What’s your theme? | Cultivate Community
Did you intend to create a theme, one word or goals for the year on January 1 and then not get around to it? Or create it, but you’ve abandoned it already? Don’t worry. According to the research, only 3% of people set written goals and only 8% of people achieve their New Year’s resolutions.
Which is why we’re talking about this on February 1 and not January 1.
One word. A theme. A direction. It boils down to having a framework to look at the year. One friend put it quite well with this statement:
Focusing on the feelings I want to have at the end of week, month or year has helped me stay focused on both creating new habits and accomplishing goals. It helps gives a soulful purpose to either the goal or habit so they seem less daunting.
What’s your focus for 2016?
In 2015, I chose one word: Strength.
I didn’t keep this as front and center as I had originally intended, but if I look back over the year, and if I look at what I said I wanted to get out of strength, I feel pretty good about where I landed. 2015 was a year of a whole lot of change, mostly for good. I’m looking forward to 2016 being a little more stable.
For 2016, my theme is Cultivate Community.
What does it mean to Cultivate Community?
It means that I want to intentionally focus on people and not tasks. As an ISTJ, I tend to be more task-oriented than people-oriented. While I am social, I also need downtime and have a tendency to withdraw when overwhelmed. When life happens (as it so often does), community is usually the first thing to go.
Not this year.
For each activity and task that I do, both personally and professionally, I am asking myself, “Is this activity cultivating community? If not, should it? How?”
In some areas, that’s easier than others.
How Cultivate Community comes to life in business
For business purposes, that can mean getting the message out there – there can be no community if there is no connection. Whether it’s encouraging a colleague, sharing exciting articles that I’m learning from, sharing thoughts that I’m a little afraid to share, or more, Cultivate Community is the lens through with I will approach all my communication.

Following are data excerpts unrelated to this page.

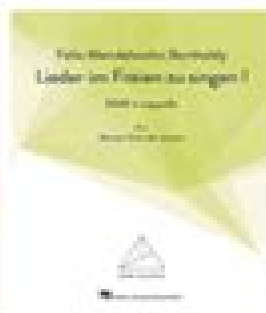
Felix Mendelssohn Lieder im Freien zu singen Vol. 1 HL00373821
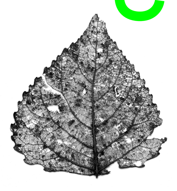
Debra Solomon, Entropical / En Necromasse, leaf skeleton, 2015

www.entropical.org www.urbaniahoeve.nl www.dyne.org
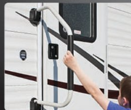
XL EXTENDED GRAB HANDLE
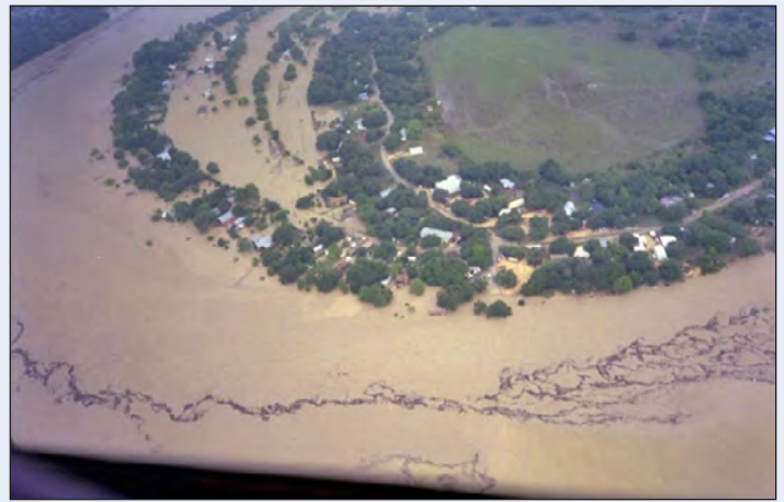
Figure 3. Inundation in the Medina River near Bandera, Texas, during the July 2002 flood.

Choi, N., and Engel, F.L., 2019, Flood-inundation maps for a 23-mile reach of the Medina River at Bandera, Texas, 2018: U.S. Geological Survey Scientific Investigations Report 2019–5067, 15 p., https://doi.org/10.3133/sir20195067 .
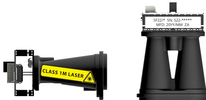
Laser radiation information and product identification labels
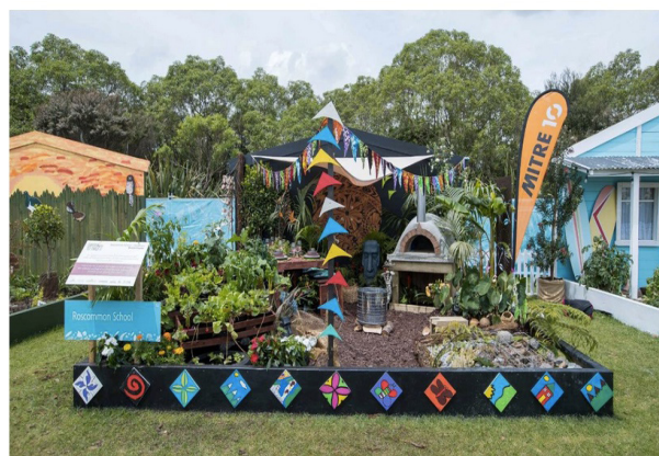
Roscommon School garden at the 2018 Flower and Garden Show.
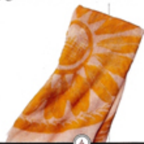
4 Tory Burch
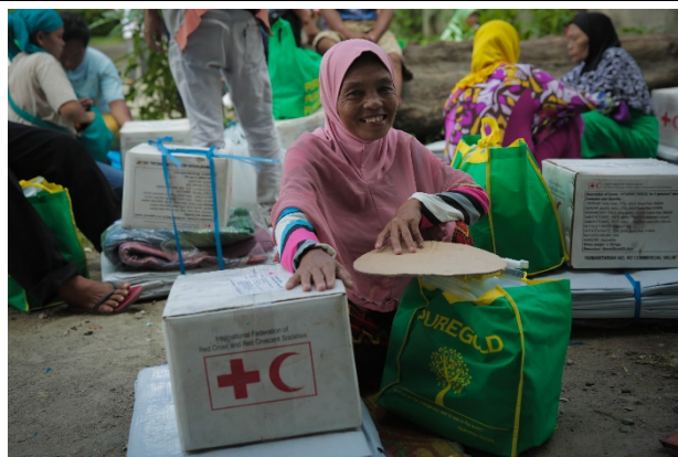
A woman smiles after receiving a hygiene kit and non-food items during the relief distribution in Salvador, Lanao del Norte.

Through the appeal, IFRC supported PRC distribution to 1,792 households (8,960 people) in 14 municipalities of Bacolod Kalawi, Madalum (in Lanao del Sur); San Fernando (in Bukidnon); Kapatagan, Lala, Maigo, Salvador, Sapad, Tubod (in Lanao del Norte); Gutalac, Labason, Liloy, Salug and Siocon (in Zamboanga del Norte). IFRC also supported the mobilization of PRC staff and volunteers, and logistics and transportation for all the response activities.
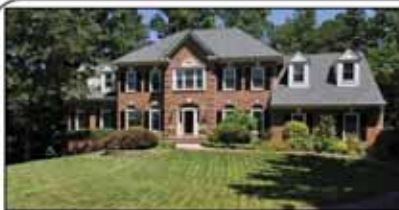
FAIRFAX STATION / CROSSPOINTE
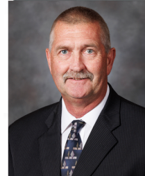
District 15 471-2629
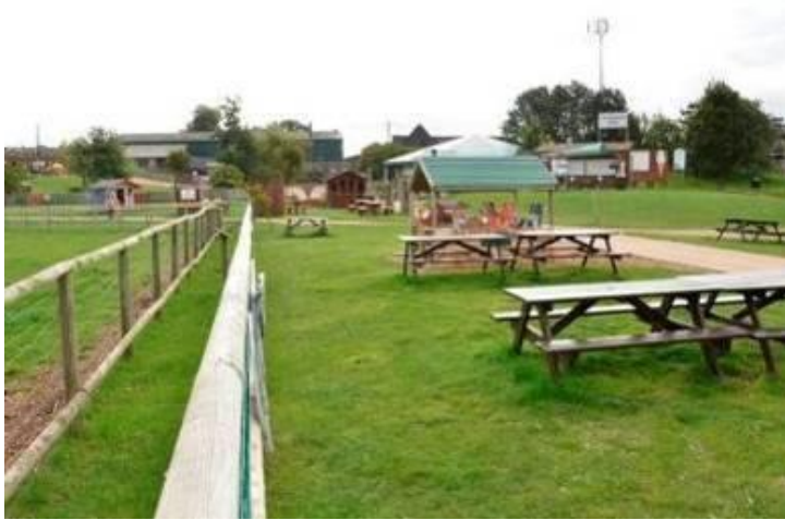
Above: Double fencing to prevent contact with animals. This is especially important near to eating and playing areas.
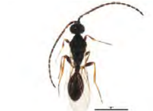
[Dorsal] Belyta validicornis BIN URI: BOLD:AAU8736
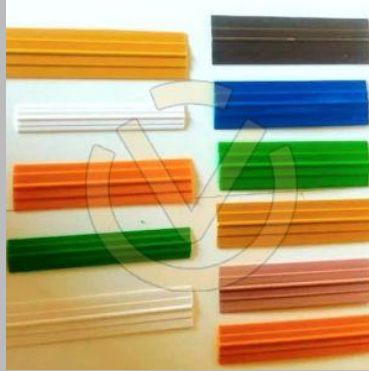
PVC Flat Beadings
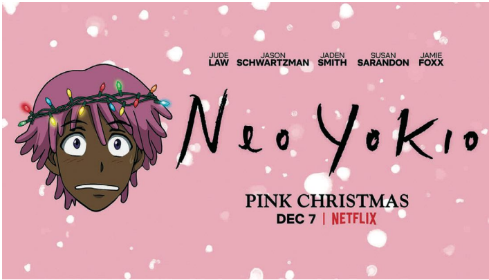
Fig. 10. Christ-like Kaz on the cover of Pink Christmas (screen shot / fair use)

Great Demon: What was here before Neo Yokio?
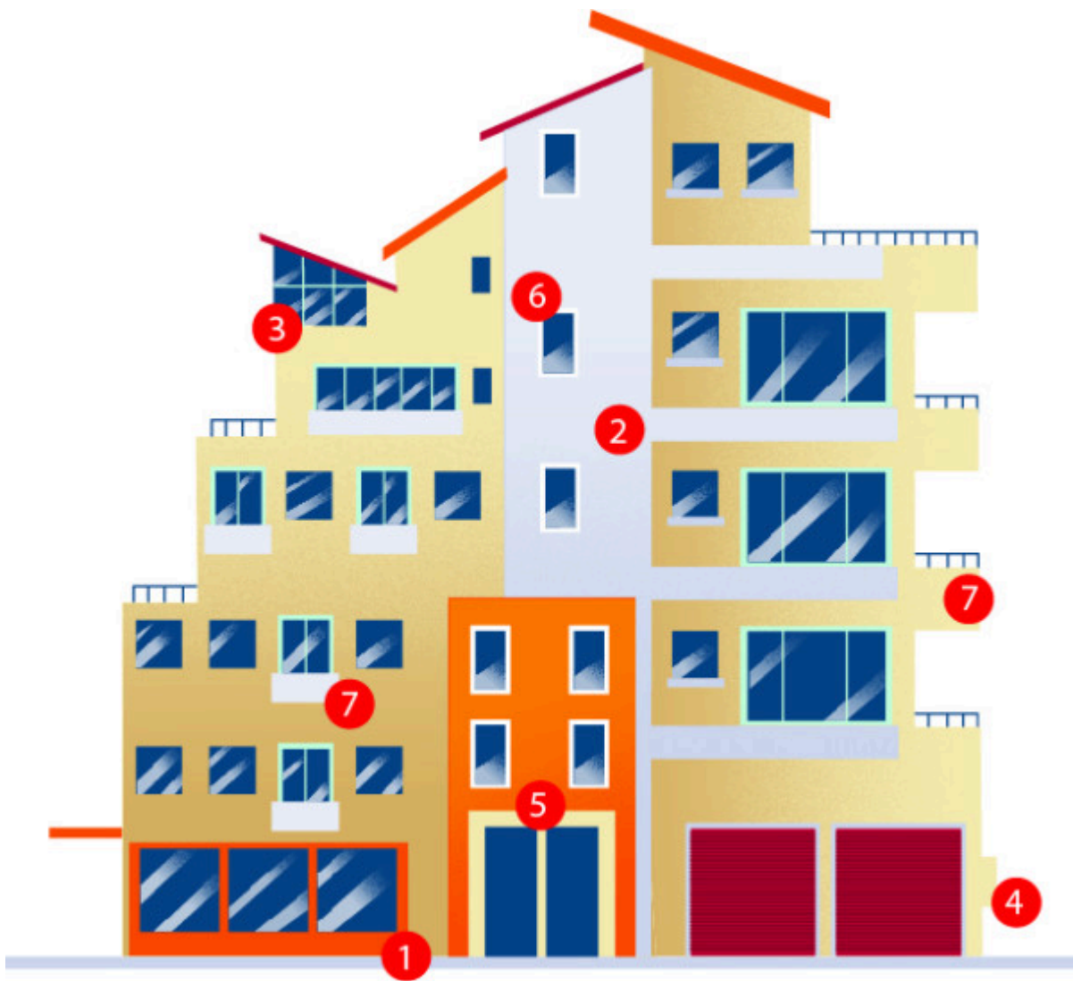
Leaky apartment risks

I’ve taken baby steps with this in the last few weeks on my personal and business Facebook pages, and have been positively surprised at some of the responses.
Cultivating Community also means letting go of fear and putting myself out there. While I come across as confident and have been told by many over the years that I’m intimidating, I have an intense fear of not measuring up and not being good enough (I know, we’ve all got our demons). A lens of Cultivate Community will remind me to get over myself and participate anyway.
I’m also so logical that I assume that if I say something once, even in passing, that the word is out. Um, it’s not. There is so.much.noise out there. If my own family doesn’t remember or understand the impact of what I’m doing, how do I expect friends, acquaintances and strangers to know what’s up? (I can’t, that’s how).
How Cultivate Community comes to life personally
As you may know, we moved in January. One of the major features on our must-have list was a house with two living areas and set up for entertaining. Now that we have a house that’s set up for entertaining, we want to use it for that purpose.
We’re also going to join and participate in a community group through our church, which is something we did for years, but haven’t done in the past year.
Beyond that, I’m taking it to mean that when I have the opportunity to go it alone or to do a task or activity in community, I need to assess and choose community wherever I can.